Performance on KDDCup99

As shown in Figs. 2 and 5, both models achieve near-perfect results on KDDCup99. The DNN attains 99.98% accuracy, while the RNN records 99.47%, with equally high F1-scores reflecting balanced precision and recall. False alarm rates remain minimal, underscoring model robustness. The small performance gap indicates that the dataset’s tabular structure is effectively captured by DNNs, reducing the added value of RNNs for sequential modeling in this context.

Performance on NSL-KDD

For NSL-KDD (see Figs. 3 and 6), the DNN achieves 99.96% accuracy, while the RNN records 99.13%. Precision and F1-scores remain high across all five categories, confirming balanced performance. Given NSL-KDD’s reduced redundancy and greater difficulty, these results highlight strong generalization. The slightly lower RNN accuracy suggests limited temporal dependencies, though both models still surpass traditional ML baselines reported in prior work.

Performance on UNSW-NB15

UNSW-NB15, a modern dataset with 10 diverse classes, presents greater complexity. As shown in Figs. 4 and 7, the DNN achieves 95.96% accuracy, clearly outperforming the RNN at 82.00%. This gap reflects the dataset’s subtle feature distinctions, which are better captured by DNNs with layered non-linear transformations, whereas a simple RNN struggles without deeper architectures. Across other metrics, the DNN also achieves higher precision and F1-scores with lower FAR, while the RNN’s weaker results point to the need for deeper or advanced recurrent variants (e.g., LSTM, GRU) to better handle heterogeneous traffic patterns.

Cross-dataset insights

Across all three datasets, the DNN consistently outperforms the RNN in terms of overall accuracy, F1-score, and precision. This suggests that while RNNs are useful for sequential data, tabular intrusion detection datasets, especially those with limited temporal ordering, are better suited for deep feedforward networks. The models also demonstrate strong class-wise generalization. High F1-scores for low-frequency classes (e.g., U2R, R2L, Worms) indicate that the models are not overly biased toward majority classes, which is a common challenge in multi-class intrusion detection.

It is well-known that advanced architectures, such as LSTM, GRU, hybrid CNN–RNN, and Transformer models, are effective for modeling complex sequential and temporal dependencies. However, the datasets used in this study (KDDCup99, NSL-KDD, and UNSW-NB15) are tabular, record-based datasets, rather than true sequential time-series data. As a result, long-term temporal dependency modeling is not a primary requirement in this setting, and the limitations of vanilla RNNs related to vanishing gradients are less pronounced.

To assess whether higher model complexity would yield performance gains, we conducted additional experiments using a tabular transformer model under the same experimental setup. The transformer achieved accuracies of 85% on UNSW-NB15, 97.78% on NSL-KDD, and 97.76% on KDDCup99, which did not consistently outperform the simpler DNN and vanilla RNN architectures used in this study (as shown in Fig. 8). These results indicate that increased architectural complexity does not necessarily translate to improved performance for record-based IDS datasets and may lead to over-parameterization. Based on these observations, the use of a simplified DNN and a vanilla RNN was a deliberate design choice.

Comparative study

To assess the effectiveness of the proposed DNN and RNN architectures, we compared their performance against benchmark models previously applied to KDDCup99 and NSL-KDD. The evaluation focuses on classification accuracy to highlight improvements over traditional ML methods and earlier deep learning approaches.

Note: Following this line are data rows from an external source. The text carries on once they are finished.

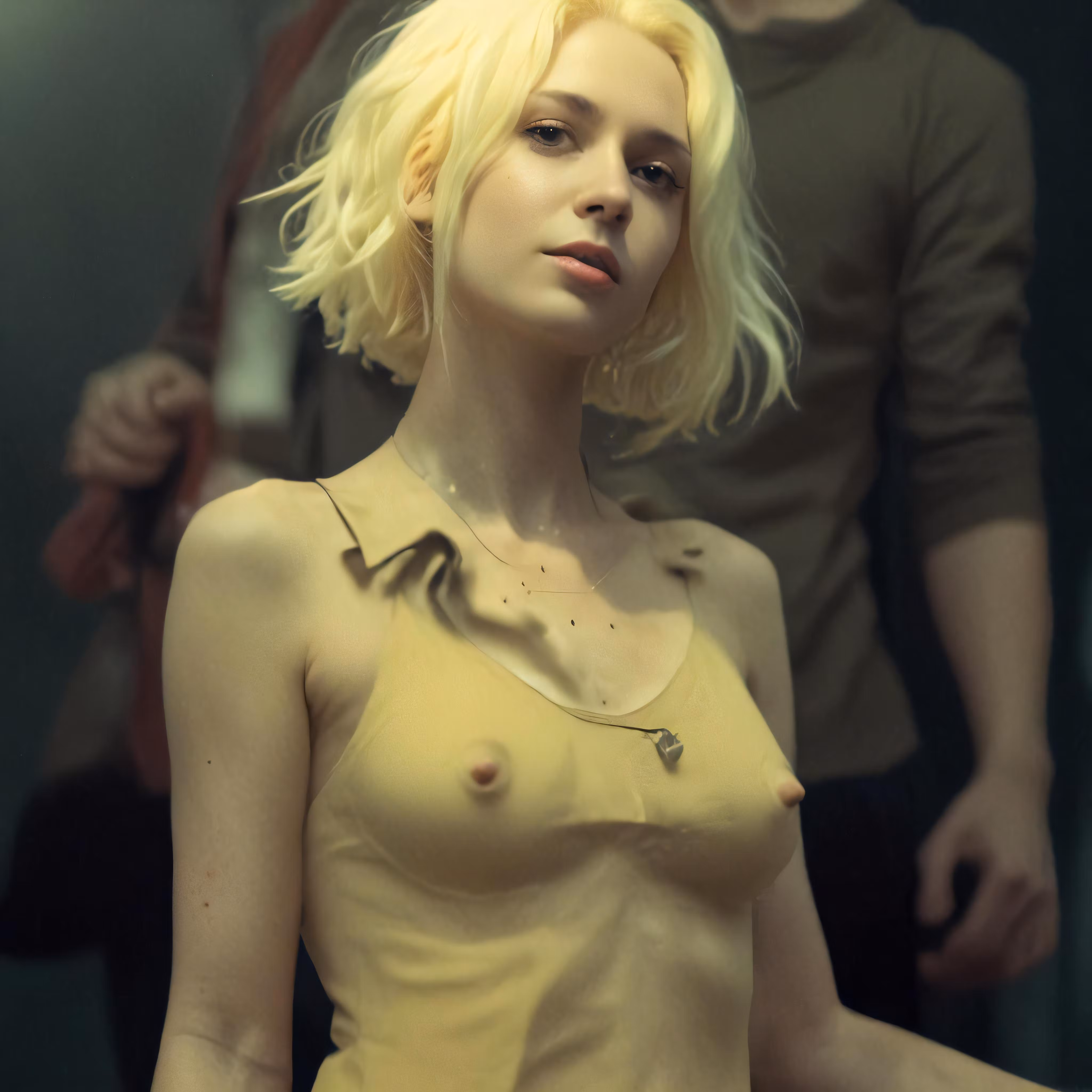 High resolution picture, free to use, a person with yellow hair standing in front of a mirror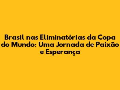 A trajetória do Brasil nas eliminatórias da Copa do Mundo é uma história de paixão, emoção e superação. A cada ciclo, a seleção brasileira busca honrar sua tradição, superar os desafios e garantir a vaga no maior palco do futebol mundial. Com craques em campo, táticas bem definidas e o apoio incondicional da torcida, o Brasil segue em frente, rumo à Copa do Mundo, em busca de mais um título e de mais um capítulo glorioso em sua história.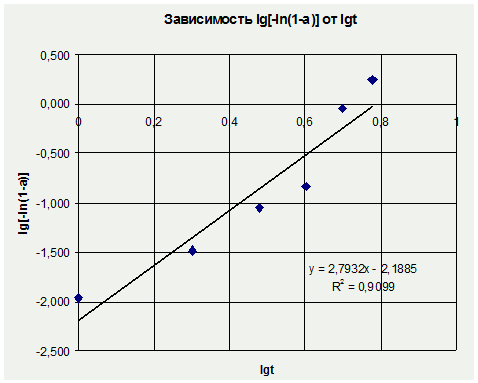 Рис. 3. Зависимость lg[-ln(1-α)]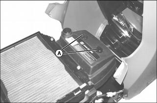 4. Loosen and remove radiator cap (A) slowly to release all pressure.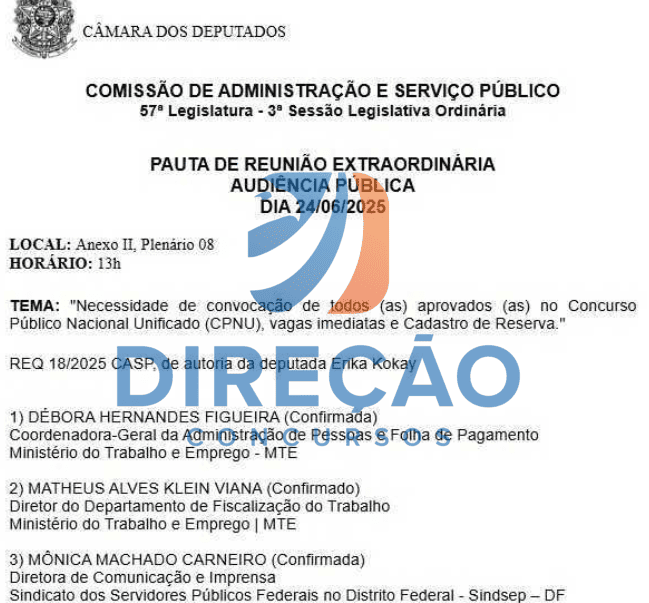 Trata-se de uma audiência pública agendada para ocorrer na próxima terça-feira, 24 de junho, na Câmara dos Deputados, em que estará em pauta a necessidade de convocação de todos os aprovados no Concurso Nacional Unificado de 2024, tanto nas vagas imediatas quanto em cadastro reserva.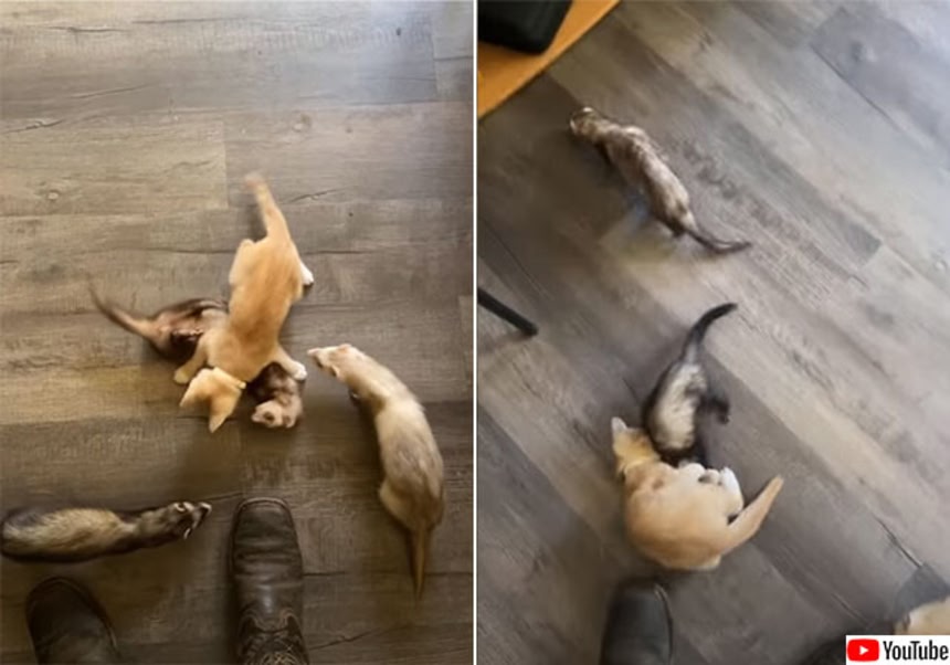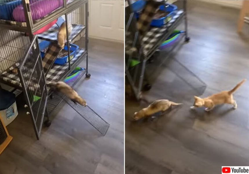 子猫はフェレットたちと遊びたくてたまらない。飼い主がケージを開けて、フェレットを外にだすやいなや、待ってましたとばかりに近づいてきた。

Comparison on NSL-KDD dataset

Table 1 presents a summary of different classification techniques applied to the NSL-KDD along with the reported accuracies. Several models, such as Naive Bayes, K-Means, and hybrid K-Means with Random Forest, have been investigated in prior studies. As shown in Table 1, both models outperform the previous best accuracy of 92.77% (K-Means + RF). The DNN attains 99.96%, while the RNN achieves 99.13%, confirming the strength of deep architectures in capturing complex patterns in network traffic.

Table 1 Comparison of classification methods and their accuracy on NSL-KDD.

Full size table

Comparison on KDDCup99 dataset

Table 2 lists several deep learning-based models evaluated on the KDDCup99 dataset. These include Autoencoders (AE) and the addition of Deep Belief Networks (DBN), and other hybrid systems. As shown in Table 2, the DNN achieves 99.98% accuracy, surpassing the previous best of 99.30% (DBN). The RNN attains 99.47%, also outperforming most existing methods, underscoring the effectiveness of the proposed deep models on legacy datasets.

Table 2 Comparison of classification methods and their accuracy on KDDCup99.

Full size table

Discussion

The comparative analysis demonstrates that the proposed DNN and RNN consistently outperform both traditional and recent deep learning models across datasets, benefiting from their ability to learn complex feature relationships without manual engineering.

1.
On NSL-KDD, the DNN improves accuracy by over 7% compared to the best traditional method (K-Means).
2.
On KDDCup99, the DNN surpasses the DBN benchmark by 0.68%.
3.
The RNN, while slightly less accurate than the DNN, still exceeds prior models.

These findings establish the proposed architectures as competitive solutions for real-world Network Intrusion Detection Systems (NIDS), providing both precision and scalability across diverse attack scenarios.

Conclusion and future work

This study provides a comprehensive evaluation of two deep learning models, such as Deep Neural Networks (DNN) and Recurrent Neural Networks (RNN), for network intrusion detection using three benchmark datasets: KDDCup99, NSL-KDD, and UNSW-NB15. The results demonstrate that both models achieve high accuracy and low false positive rates, effectively classifying multiple categories of network attacks. Their strong performance can be attributed to the use of non-linear activation functions, carefully selected loss functions and optimizers, and the decision to retain the complete set of input features. Preserving the full feature space allowed the models to learn complex decision boundaries, thereby improving classification accuracy. High F1-scores across all datasets, including those with significant class imbalances, further validate the robustness and generalization capabilities of the models in identifying both frequent and rare attack types. Overall, these findings underscore the effectiveness of deep learning architectures that fully exploit available features, offering reliable, scalable, and high-performing solutions for real-world intrusion detection systems. The models effectively address the challenges of data complexity and class imbalance in next-generation network IDS deployments.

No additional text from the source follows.